Cuma Namazındaki Namazların Kılınması

Smf Seo Versiyon , -- Seo entegre sistem.

rray
neslinur
Tue 22 June 2010, 10:37 am GMT +0200
CUMA NAMAZINDAKİ

NAMAZLARIN KILINMASI

 
 

Ulemanın görüşüne göre Cuma namazının rükünleri; hutbe ve iki rekât namazdır. Ancak, cumada kılınan namazlarda, farklı mezheplerin farklı rakamlarına rastlanmaktadır. Bu durum, mezhepler arasında tefrika ve çekişmeye sebep olmamalıdır.
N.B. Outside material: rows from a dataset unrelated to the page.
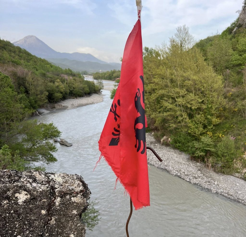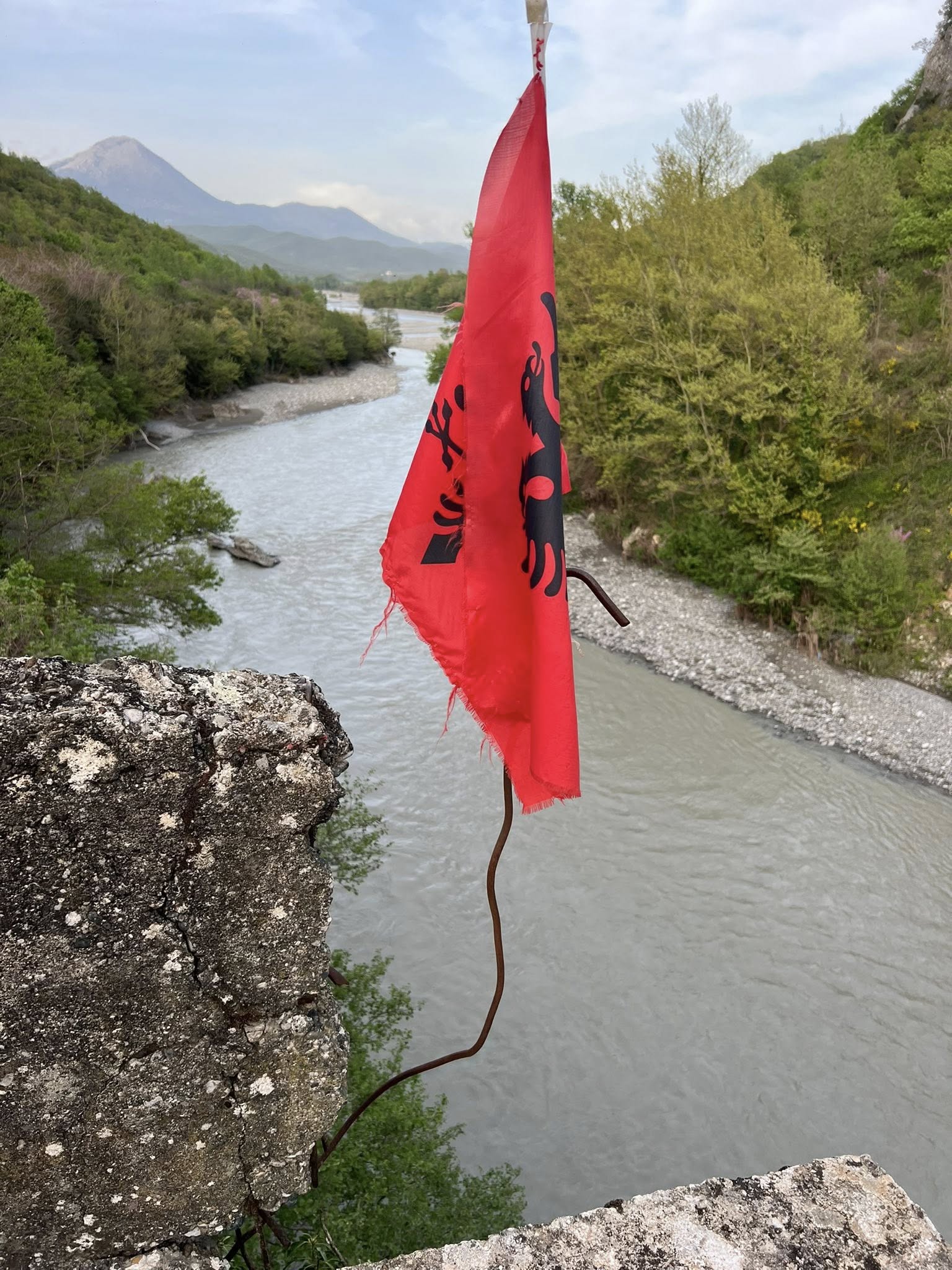 Ndërsa shqiptarët, në anën tjetër të lumit, kanë ngulur një flamur të shqyer, mbi një hekur të ndryshkur dhe të shtrembër.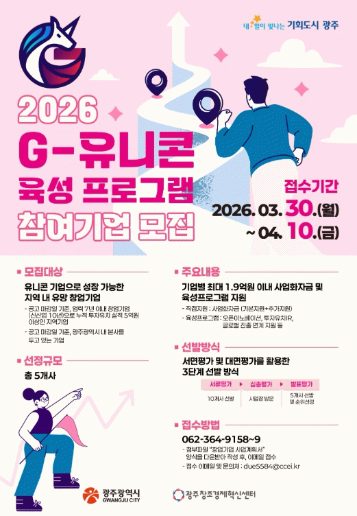 오영걸 경제창업국장은 “지(G)-유니콘 육성프로그램은 잠재력 있는 창업기업이 세계 시장에서 경쟁할 수 있도록 지원하는 사업”이라며 “광주를 대표할 기술력과 성장성을 갖춘 기업들의 많은 관심과 참여를 바란다”고 말했다.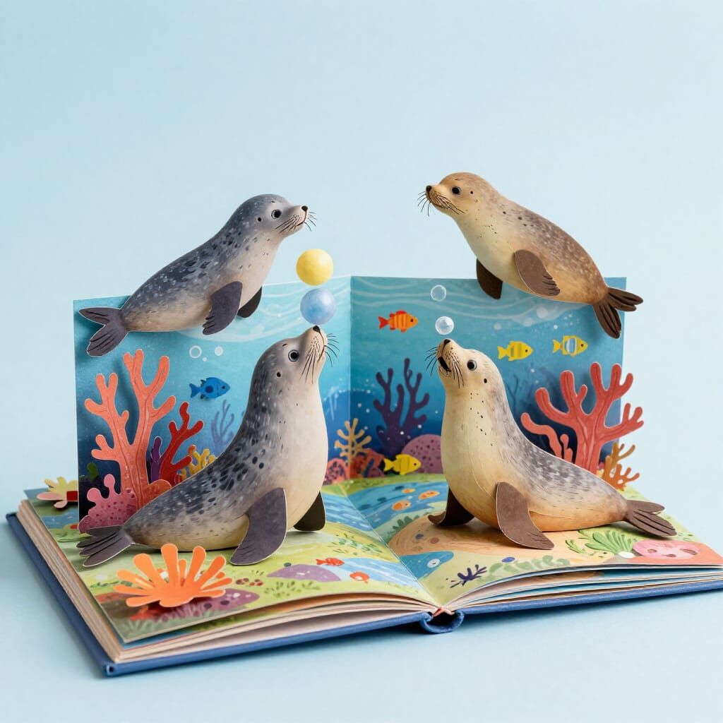 Design your own unique popup book creations featuring seals and sea lions easily and for free with our AI image generator.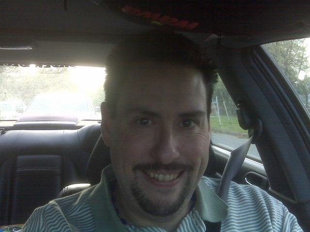Well, the watch is mine. The shirt, I used to own (it was silk, and after 4 or 5 years, it started to develop holes, etc. and had to be disposed of). The “Believe” necklace is there, so … it IS me (in fact, I can tell I’m also wearing my Eagle pendant necklace as well (you can barely see it to the left of the flash unit)). The corner of the picture frame makes it look like I am wearing an earring, which I haven’t since 2007. Oh wait. It’s that I’m not all spiky! I had this hairstyle (parted on one side, due to numerous cowlicks) for too many years to count. The spikes are easier to tend to, and allow me to towel and go.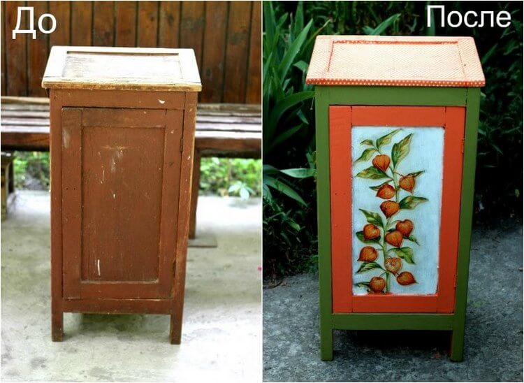 Потрясающая трансформация ненужной тумбы советского образца в новый яркий предмет мебели, которую удалось произвести путем снятия дверцы и аккуратной покраски.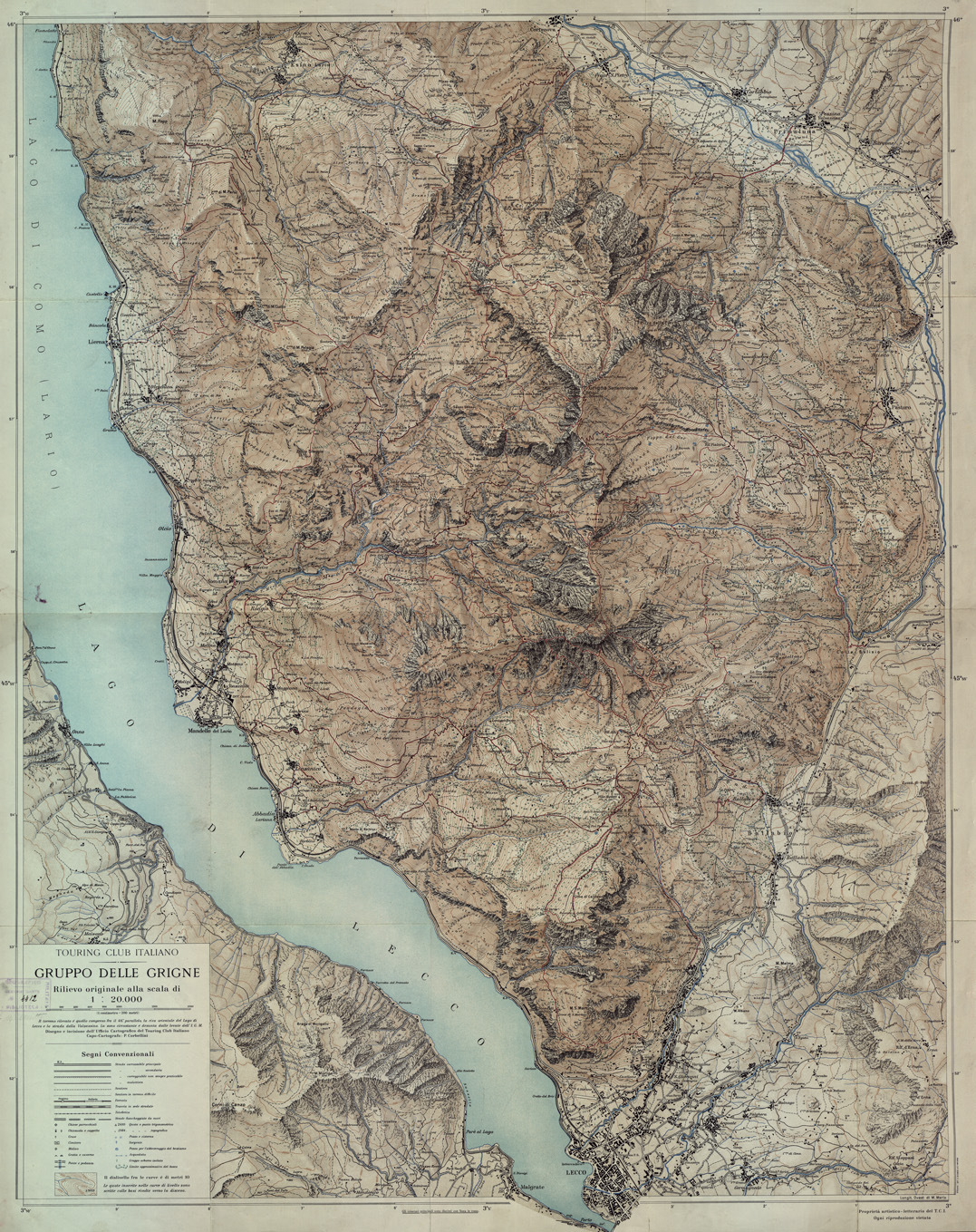 "Bella carta basata su rilievo originale per il terreno compreso tra il 46° parallelo,la riva orientale del lago di Lecco e la strada della Valvassina, e per la zona circostante su le levate dell' I.G.M. Disegno e incisione dell' Ufficio Cartografico del T.C.I. Stampa a colori con orografia dimostrata con grande evidenza plastica a mezzo di curve di livello tracciate in bistro alla equidistanza di 10 m. e trattegio (rocce) in nero, acque in azzurro, abitati, rete stradale, ecc., in nero,vegetazione boschiva in verde. Gli itinerari principali sono distinti con linea in rosso. In basso a sinistra la leggenda dei segni convenzionali. Due copie."

Müslümanlar, her konuda olacağı gibi, bu konuda da birbirlerine hüsnü zanda bulunmalı, birbirlerine sabır,  anlayış ve kolaylık göstermelidirler.

Farklı yorumlara konu olan bu namazlar;

 

1- Tahiyyetu’l Mescid: Mescidin sahibi olan Allah (c.c.)’a yaklaşmak ve O’nun Mescidine saygı gösterildiğini ifade için, Mescide girildiğinde henüz oturulmadan kılınan iki rekâtlık bir namazdır.

Her ne kadar oturduktan sonra bile kılınabilen bu namazı; mescide girer girmez kılmak daha faziletlidir. Bu konuda Peygamberimiz (s.a.v.) “Sizden biri Mescide gelince, (henüz) oturmadan önce iki rekât namaz kılsın.” (Ebu Davud: Salat; 19) buyurmuşlardır.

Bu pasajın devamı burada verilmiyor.